Le cours magistral, exemple canonique de la pédagogie, reprend toutes les caractéristiques du livre, suggère JM Salaün.L’attention devait être réservée entièrement au manuel, au livre, pour qu’il puisse délivrer ses secrets.  En classe, l’enseignement traditionnelle était dispensé en prenant pour acquis que toute l’attention était captée. D’où le choc quand on fréquente une classe en 2013.

La rupture avec les MOOCs

JM Salaün la place dans le déplacement de l’attention, qui n’est plus direct, franc, uniforme. Elle est fragmentée, multifacettes, dispersée.

Le prof n’est plus qu’un des nombreux points de contact avec la réalité intelligible du monde.Cette rupture dans la méthode traditionnelle de l’enseignement, et dans tout accès au monde et à la connaissance, survient aujourd’hui dans un monde où des adjuvants technologiques d’une puissance inconcevable il y a à peine 10 ou 20 ans (lire mon billet La technologie de Curiosity sur Triplex) viennent décupler nos capacités d’accès, d’acquisition, de traitement et de contribution à la connaissance.

Que veut dire «savoir où se trouve l’Afghanistan» quand Google Map ou Wikipédia offre la réponse au bout des doigts?
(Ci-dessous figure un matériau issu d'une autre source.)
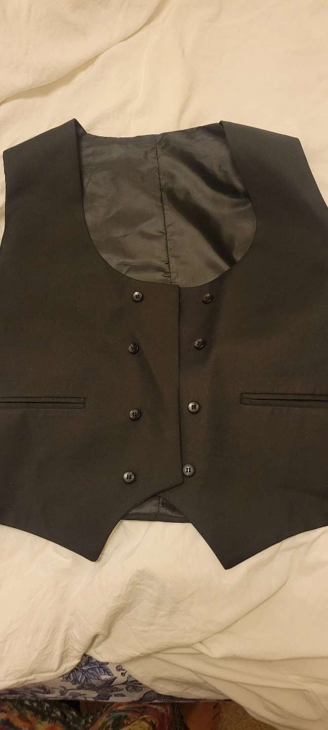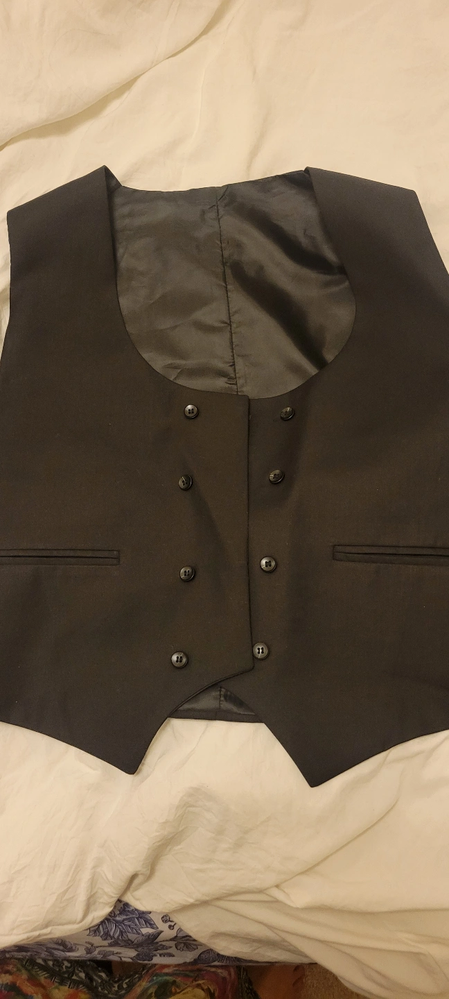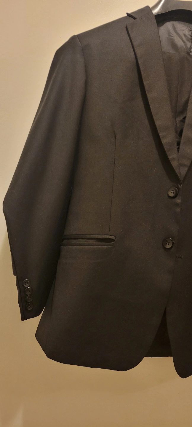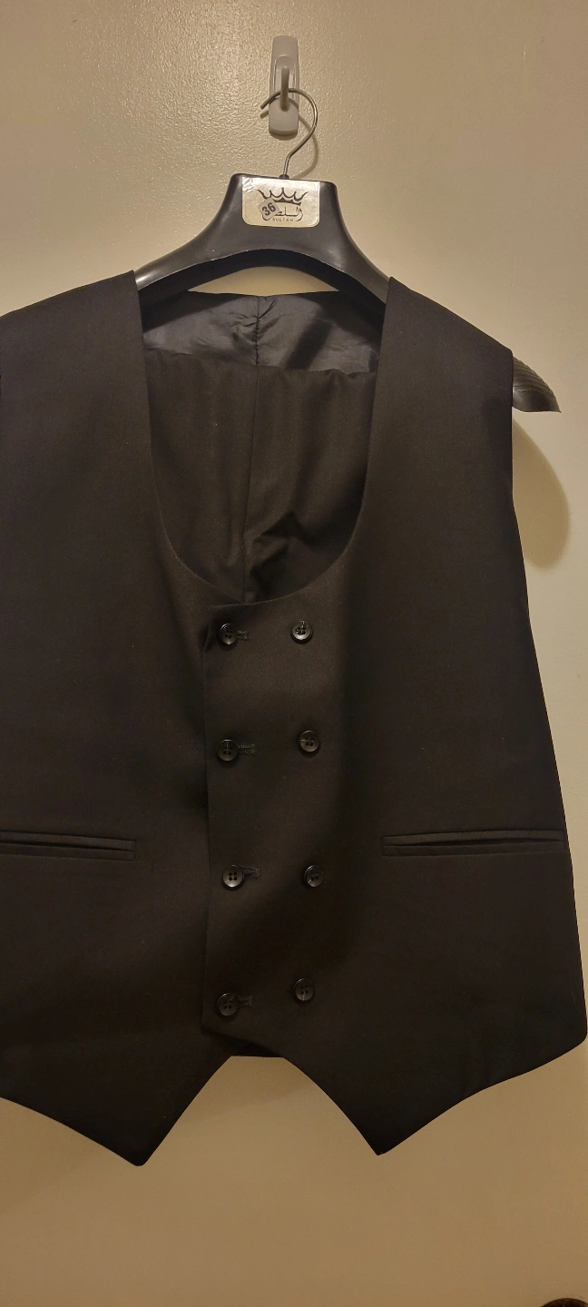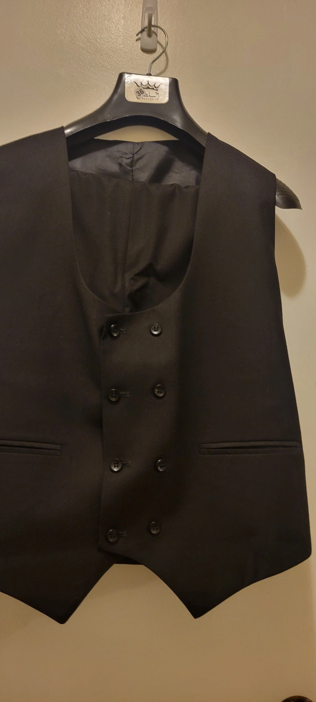 Black three-piece suit. Includes jacket, vest, and trousers. Classic style. Double-breasted vest. Single-breasted jacket. Great for formal occasions

Quelle valeur culturelle attribuera-t-on à la connaissance de culture générale (du type auquel on fait référence dans le jeu de Trivial Pursuit) quand demain Watson sera dans nos poches (lire mes billets IBM et les « ordinateurs cognitifs » et Intelligence augmentée)?
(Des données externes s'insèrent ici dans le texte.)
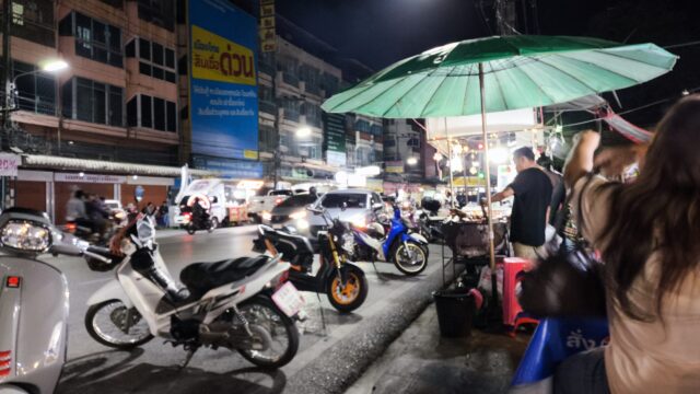 衛生的ではないけど、路上の屋台で食べるのはタイらしくて良いね。

Face à ces mutations, nos adaptions pédagogiques ont l’air risible.

Des professeurs, comme François Guité, ne se gênent même plus pour dire que « les programmes scolaires, dans leur normalisation et dans l’uniformisation des connaissances, sont des laminoirs ». (source)

4 lignes de fracture

MJ Salaün entrevoit au moins 4 lignes de fracture provoquées par les MOOCs. Voici comment je les comprends et résume la différence qu’apportent les plateformes de MOOCs versus l’institution universitaire traditionnelle:

1- Disjonction du lien professeur / apprenant 

Le côté « massif et ouvert » distend le lien direct dans le binôme prof-élève. Le côté « cours en ligne » relativise la place du linaire dans la formation. Cassé aussi est le lien formel de la communauté universitaire : l’inscription est remplacée par un abonnement, l’économie repose sur l’offre à la carte, l’appartenance laisse sa place au clientélisme.

2- Fin du temps long pédagogique

Les cours à la carte, contenant eux aussi des modules à la carte, rend formellement granulaire l’approche pédagogique et réduit le corpus du programme complet à une playlist parmi d’autres. De la même manière que les albums de musique ont perdu de leur attrait quand on pu acheter à la pièce les chansons, on finit par voir les cours du Bac comme une gammick commerciale de bundling excessif qui force l’achat de produits connexes pour accéder à celui que l’on veut.

3- L’autorité éditoriale est challengée par le filtrage social

La valorisation du choix des pairs, augmenté par le côté réellement « massif » de la classe, offre des avantages inédits qui ne retrouvent pas même dans une classe de 400 élèves: accès à une « intelligence collective » et une entraide décentralisée et asynchrone d’où la figure du prof se fait rabattre, dans le pire des cas, comme un G.O. dans ce Club Med académique (figure essentielle, mais échangeable).

4- Personnalisation à l’extrème

L’attention redevient concentrée dès que l’usager suit son propre chemin. Finies les distractions. Sinon, impossible de finir le cours. Le rapport prof-élève semble accessoire: l’étudiant se profile par lui-même, se motive et s’organise pour se concentrer sur ce qu’il a à l’écran. Et s’il veut aller sur Facebook en même temps, c’est son affaire. Le MOOC réussit là où les classes peinent garder l’intérêt des étudiants…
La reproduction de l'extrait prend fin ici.